Фридрихса пробрала невольная дрожь. Немногие могли выдержать ястребиный взгляд Гинденбурга — безупречного вояки, воплощения германского воинского духа. Рядом с этой эпической фигурой каждый остро ощущал собственные недостатки.
— Сейчас предпринимаются все необходимые шаги, герр фельдмаршал, — проговорил Фридрихс, сам зная, что звучит это заверение неубедительно.
Гинденбург аккуратно вынул из папки и выложил перед собой на стол приказ.
— Вам поручено возглавить техническую комиссию, созданную специально для организации и объединения работ по созданию германского танка, — объявил Гинденбург. — Ознакомьтесь с приказом. Нельзя допустить, чтобы англичане нас опережали... Германия уже добилась существенных успехов на фронте, и теперь необходимо закрепить их. Гражданское население Германии должно видеть свой долг в единстве с воинами Отчизны. Одни проливают кровь на фронте, другие не жалея себя работают ради этого в тылу! Только так!

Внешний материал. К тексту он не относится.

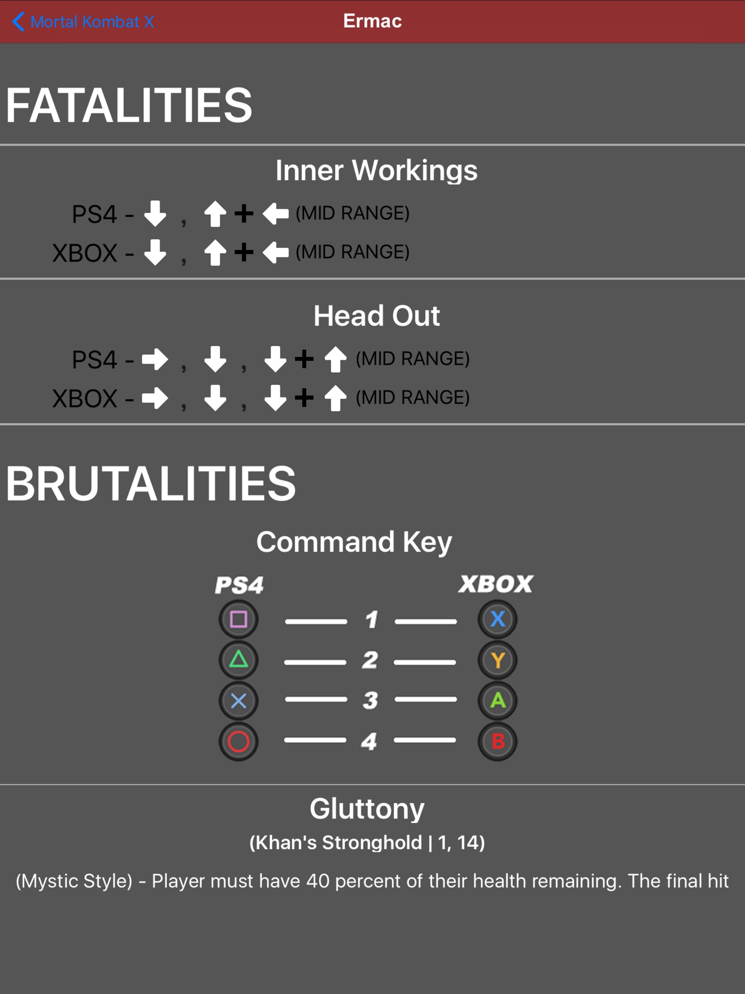 No need to pause the game to find out the Fatalities and the Brutalities of each character. This app will help players, play the game and have that move set side by side with them. Mini Guide that included all DLC players so far.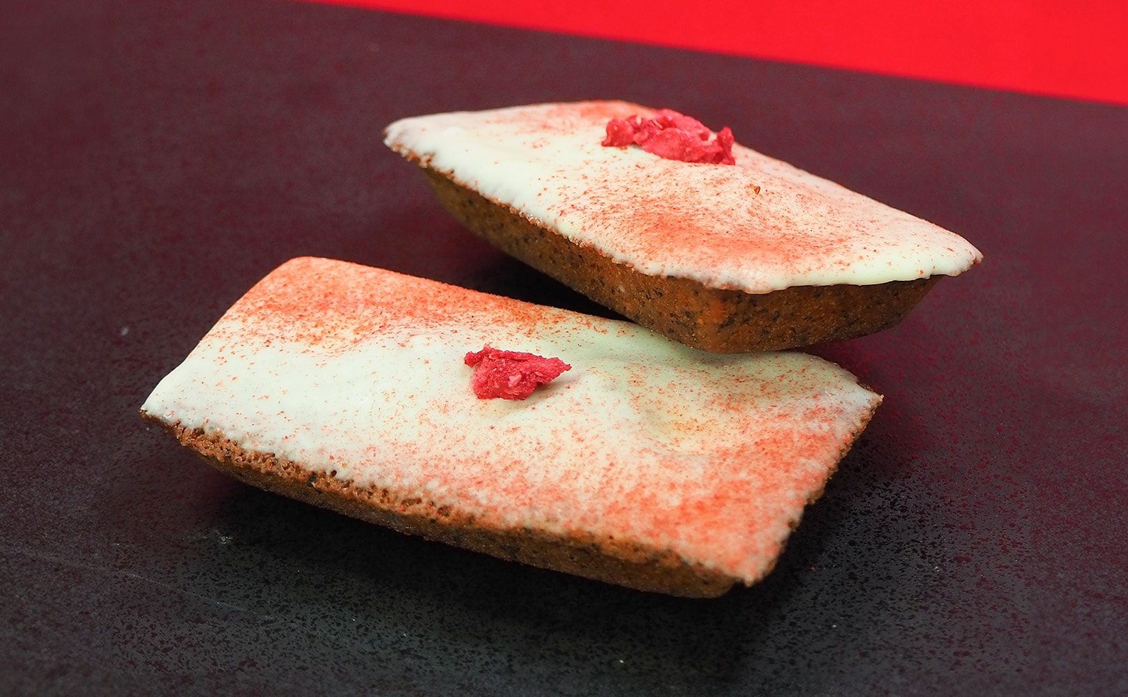 フィナンシェにホワイトチョコレートとフランボワーズを飾りました。

Взгляд фельдмаршала чуть смягчился, и Фридрихс воспользовался этим, чтобы просмотреть приказ.
Он был датирован тринадцатым ноября. Особая техническая комиссия во главе с генералом Фридрихсом должна была координировать усилия нескольких ведущих промышленных фирм Германии — в том числе «Опель», «Даймлер», «Бюссинг», NAG, «Бенц». Все они бросались, как в прорыв, на разработку танка.
Фридрихс кивнул. Ответственности он не боялся. Почти год он возглавлял Седьмое транспортное отделение Общего управления Военного министерства, которое и выступало в роли заказчика военных машин.
Легкая улыбка скользнула по лицу генерала.
— И как планируется назвать будущий германский тяжелый танк?
— Всегда начинайте с имени, — провозгласил Гинденбург. — Правильно избранное имя вселяет в оружие правильный дух. Я полагаю, логичнее всего будет назвать германский танк A7V — в честь вашего подразделения, Abteilung 7, Verkehrswesen. Что скажете, генерал?
— Скажу, что это большая честь.
— И большая ответственность, — прибавил Гинденбург. — Действуйте!
22 декабря 1916 года
Гинденбург развернул чертеж. Капитан Йозеф Фольмер стоял рядом с фельдмаршалом, готовый в любую секунду дать пояснения. Фольмеру было сорок шесть лет и как большинство технарей, конструктор не испытывал душевного трепета перед большим начальством. Но Гинденбург произвел впечатление даже на него.
Фольмер был главным инженером Опытного отделения Инспекции автомобильных войск, руководя всеми конструкторскими работами. У Фольмера имелся большой опыт разработки автомобилей самых различных типов, а в военном ведомстве он занимался повышением проходимости грузовиков. Сейчас ему подчинялось около сорока конструкторов от различных фирм.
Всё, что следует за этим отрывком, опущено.